Chapter 4: The Diagnosis
481 words
The fluorescent lights of the East End Free Clinic buzzed like angry hornets. Sarah pulled her coat tighter, trying to hide the slight swell of her belly. Three days ago, she had a concierge doctor on speed dial. Today, she was ticket number forty-seven, sandwiched between a coughing man and a woman weeping softly into a tissue.
"Jenkins?" the nurse called out, not looking up from a clipboard.
Sarah stood, her legs trembling. She hadn't eaten since the pharmacy incident. The smell of antiseptic and stale coffee made her stomach churn.
Inside the cramped exam room, Dr. Ray, a man with kind eyes and deep exhaustion lines, frowned at the grainy black-and-white monitor. He moved the ultrasound wand back and forth, pressing hard enough to bruise. The silence stretched, heavy and suffocating.
"Is... is he okay?" Sarah whispered. "Please, just tell me."
Dr. Ray clicked off the monitor. He didn't smile. "Ms. Jenkins, I’m seeing a severe anomaly in the ventricular development. It’s a condition called Hypoplastic Left Heart Syndrome. It’s critical."

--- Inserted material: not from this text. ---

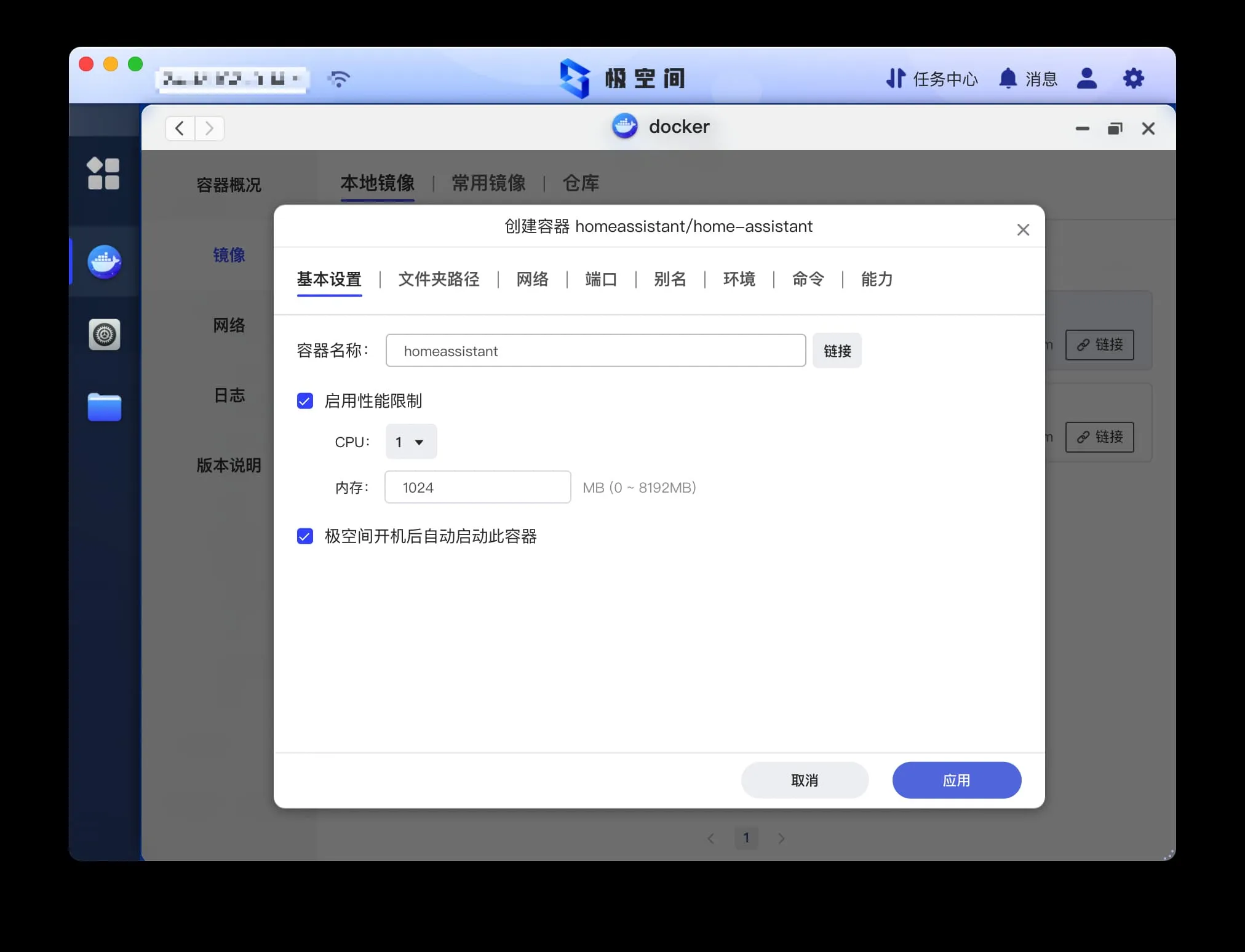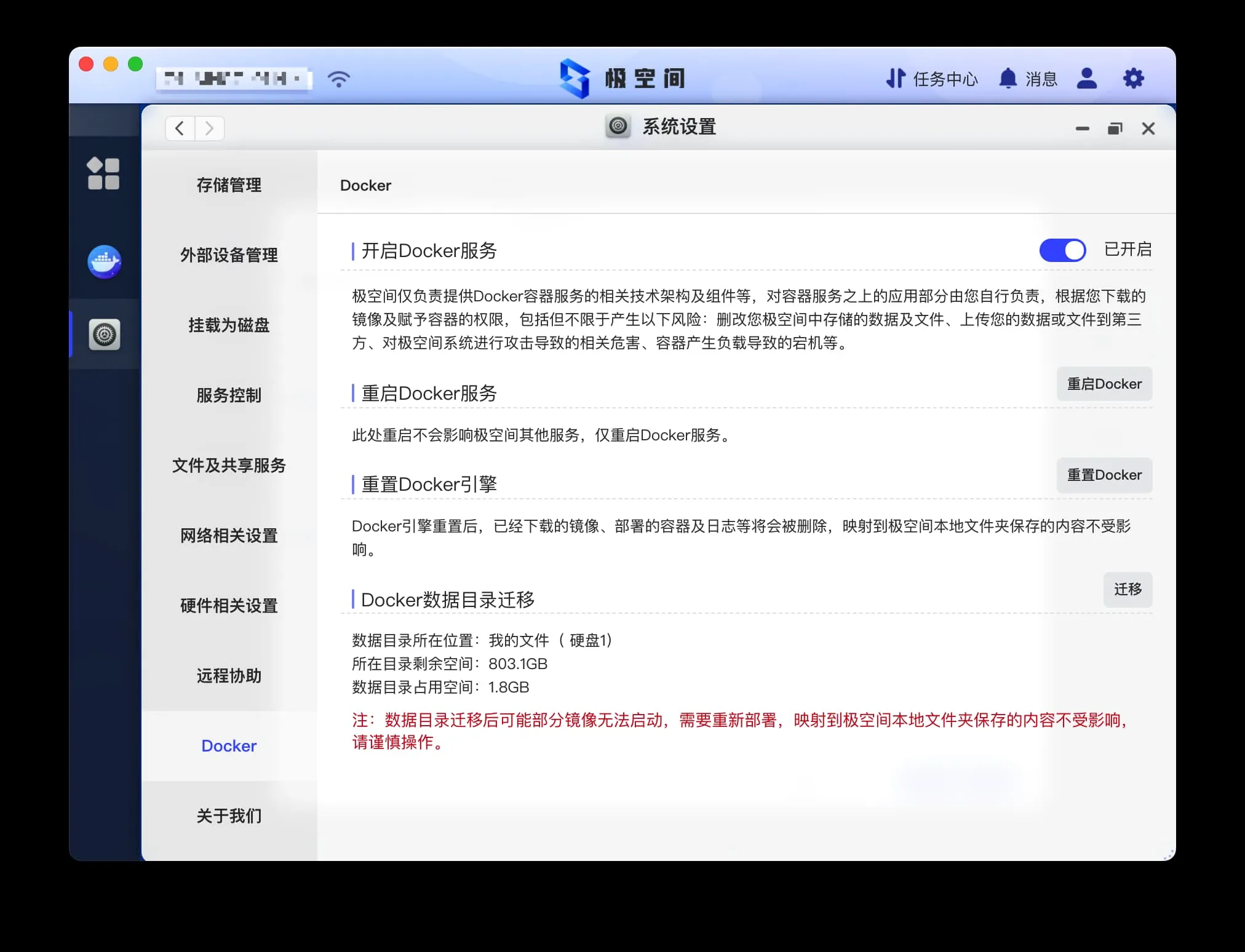 首先开启极空间中的 Docker 服务。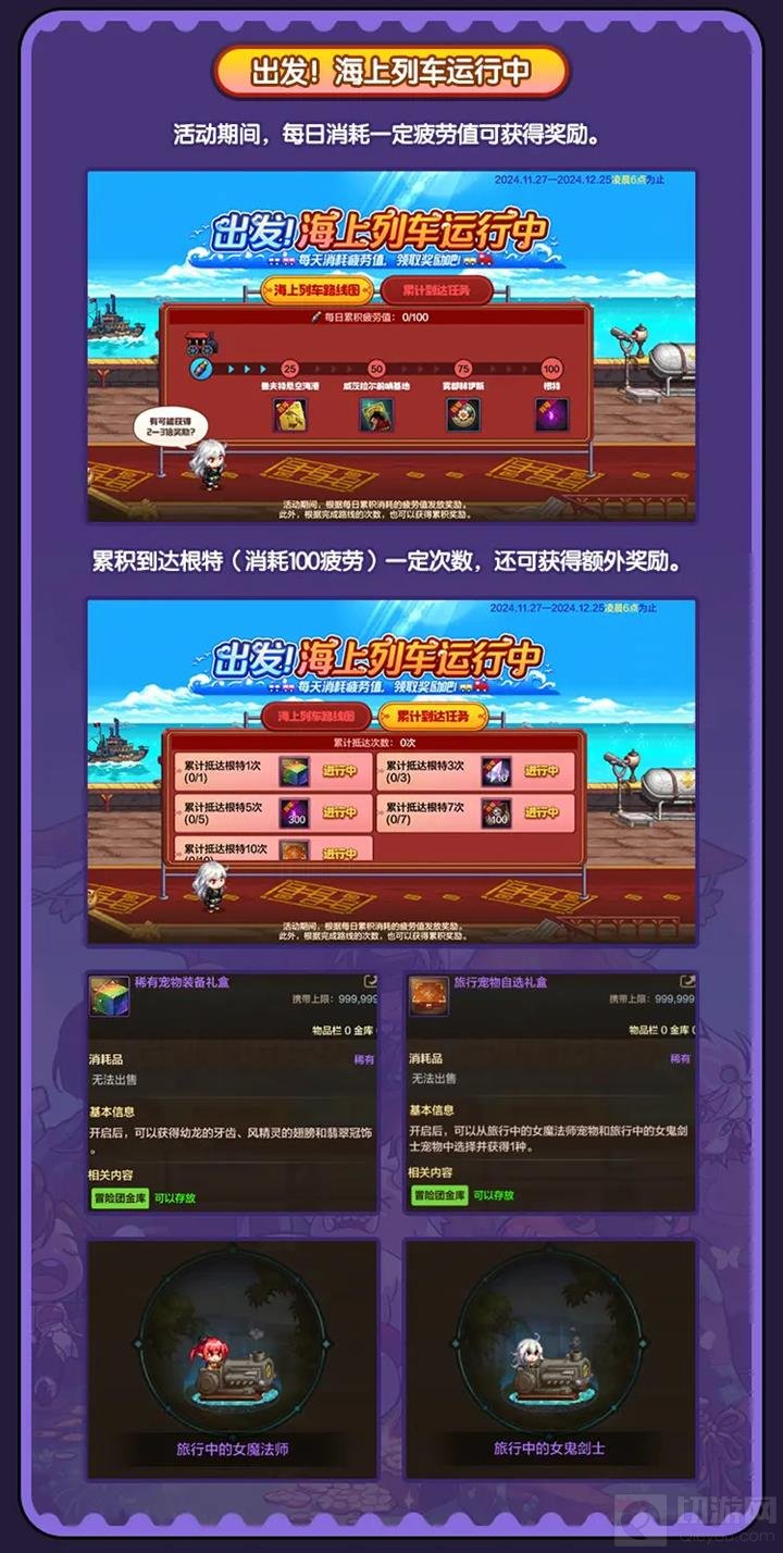 冒险列车远征护活动将在新版本中开启,玩家可以通过参与活动获得奖励。活动时间:11月27日版本更新后;活动内容:玩家在活动期间内,参与冒险列车远征护活动,完成指定任务可获得奖励;奖励内容:强化券、深渊票、金币等。

The room spun. "Critical? But... Julian—my ex-husband—he has the best specialists. We can fix this."
"You don't understand," Dr. Ray said gently, handing her a tissue. "This requires immediate fetal intervention. The only facility in the state equipped for this specific surgery is St. Jude’s. The Blackwood Wing."
Julian’s hospital. The irony tasted like bile.
"I need a referral then," Sarah said, her voice shaking. "I’ll find a way to pay."
"The deposit alone is fifty thousand dollars without insurance," Dr. Ray said, his voice dropping low. "And I checked your file when you walked in, Sarah. Your coverage was terminated yesterday morning. Retroactively."
Sarah gripped the edge of the paper-covered table, her knuckles white. Discarded. He had discarded his own son to save a few percentage points on a stock graph. She had literally nothing.
"How?" she choked out, hot tears spilling over. "We have no family history of this. I did everything right. I took the vitamins. I ate organic."
Dr. Ray hesitated. He looked at the chart again, then at her. He lowered his voice further, glancing at the thin door as if afraid someone might be listening.
"Genetic defects like this are incredibly rare in low-risk patients," he said slowly, tapping the screen. "In my experience, Sarah, this specific malformation isn't usually natural. It keeps showing up in clusters. It's almost exclusively seen in cases of high-level environmental toxicity."
Sarah stared at him, the world narrowing to a pinprick.
"Toxicity?"
"I'm saying," Dr. Ray said, handing her a printout of the scan, "that something you were exposed to didn't just happen. It poisoned him."
Sarah looked down at her stomach, seeing the invisible target painted on her unborn child. She didn't know it yet, but the war had just begun.